## Problem to solve:
The lines from the one with "Here is a free" through the last line of the material below, copied exactly and free of pictures, make up the whole answer.

## Dataset section:

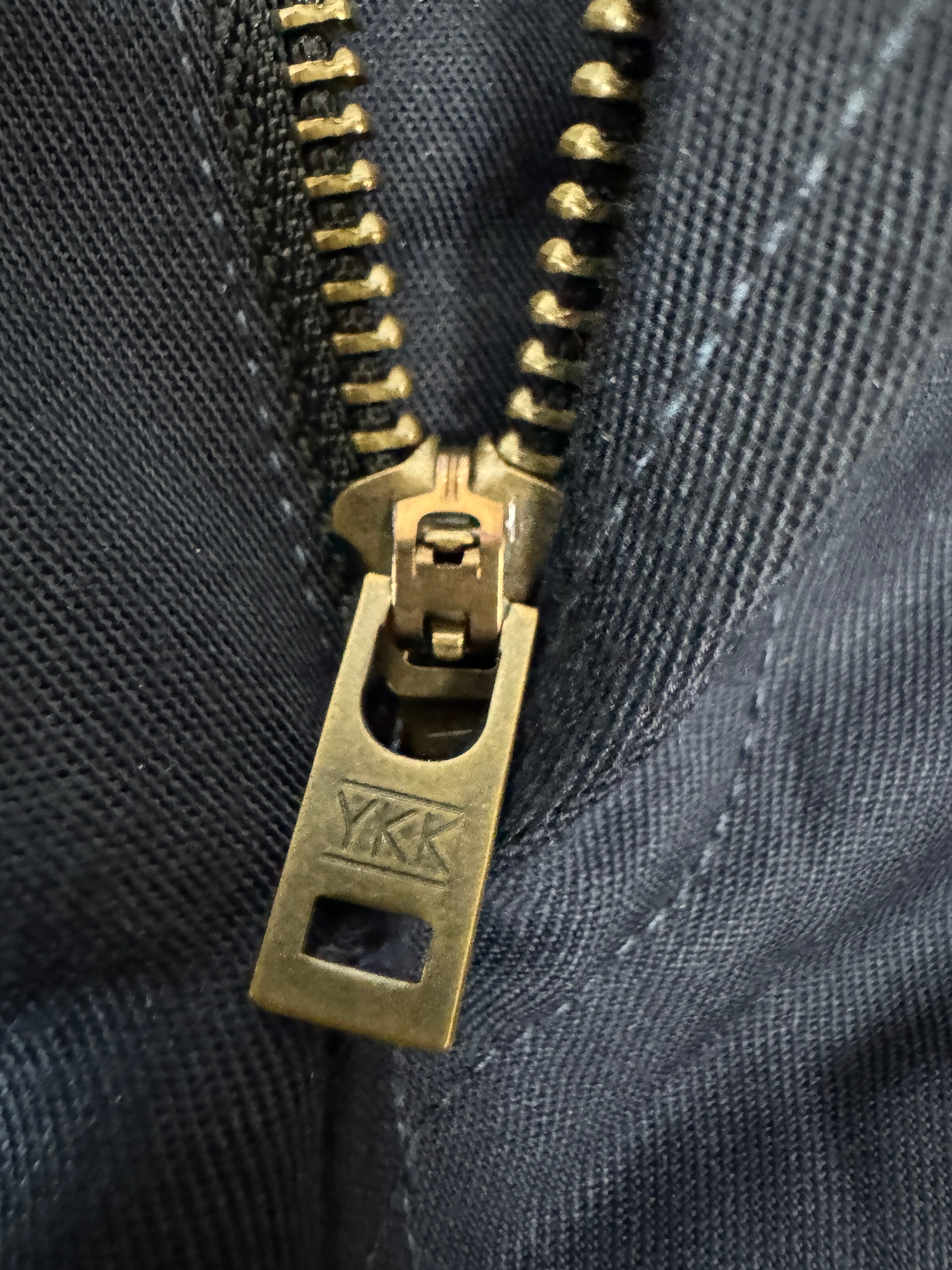 非常に太めのワタリから緩やかにテーパードがかかったシルエット。見た目のボリュームに反して軽量で、穿き心地にストレスはありません。ウエストはしっかりとした3段ゴム仕様で、体にフィットしながらも緩くなりにくい作りです。ワンタック入りのハイウエスト設計で脚長効果も◎。前後4つのポケット付きで、実用性も兼ね備えています。
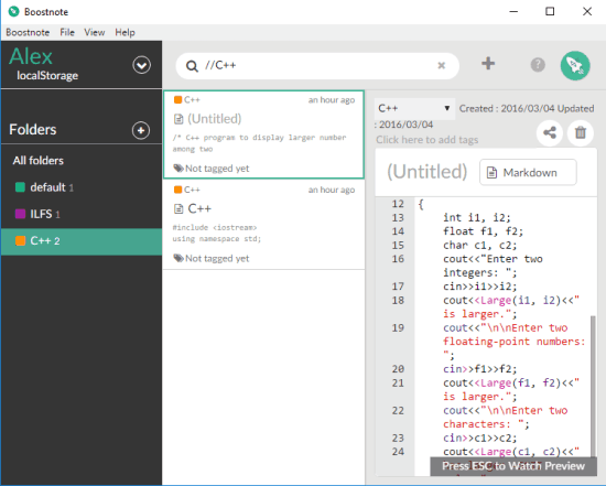 Here is a free note taking software, called Boostnote, that comes with Markdown support and code syntax highlighting. Despite the fact that it’s a simple note taking software, it has included some very good features. You can write in Markdown language and the output can be previewed by right-clicking on the editor area. Also, you can use it to write programs for C, HTML, Java, C++, and other programming languages. It can recognize over 100 languages and highlight syntax.
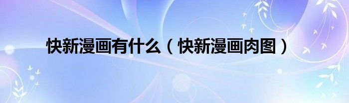 大家好,今天小六子来为大家解答以下的问题,关于快新漫画有什么,快新漫画肉图这个很多人还不知道,现在让我们一起来看看吧!
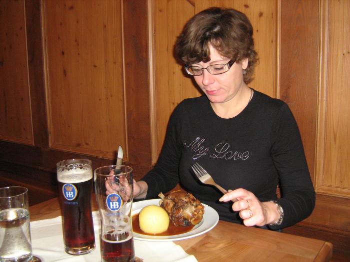 И самый дорогой из них. При этом, что бы не объедаться на троих взяли один суп и два вторых: свиной стейк и полутки (почему-то птица у них подается только по половине). Два поллитровых светлых и два тёмных пива и сыну лимонад. Итог 55,70 евро. Да, и пиво дороже чем в «Хофброе» — 8,40 евро 1 литр.

## Result below:
 Here is a free note taking software, called Boostnote, that comes with Markdown support and code syntax highlighting. Despite the fact that it’s a simple note taking software, it has included some very good features. You can write in Markdown language and the output can be previewed by right-clicking on the editor area. Also, you can use it to write programs for C, HTML, Java, C++, and other programming languages. It can recognize over 100 languages and highlight syntax.
 大家好,今天小六子来为大家解答以下的问题,关于快新漫画有什么,快新漫画肉图这个很多人还不知道,现在让我们一起来看看吧!
 И самый дорогой из них. При этом, что бы не объедаться на троих взяли один суп и два вторых: свиной стейк и полутки (почему-то птица у них подается только по половине). Два поллитровых светлых и два тёмных пива и сыну лимонад. Итог 55,70 евро. Да, и пиво дороже чем в «Хофброе» — 8,40 евро 1 литр.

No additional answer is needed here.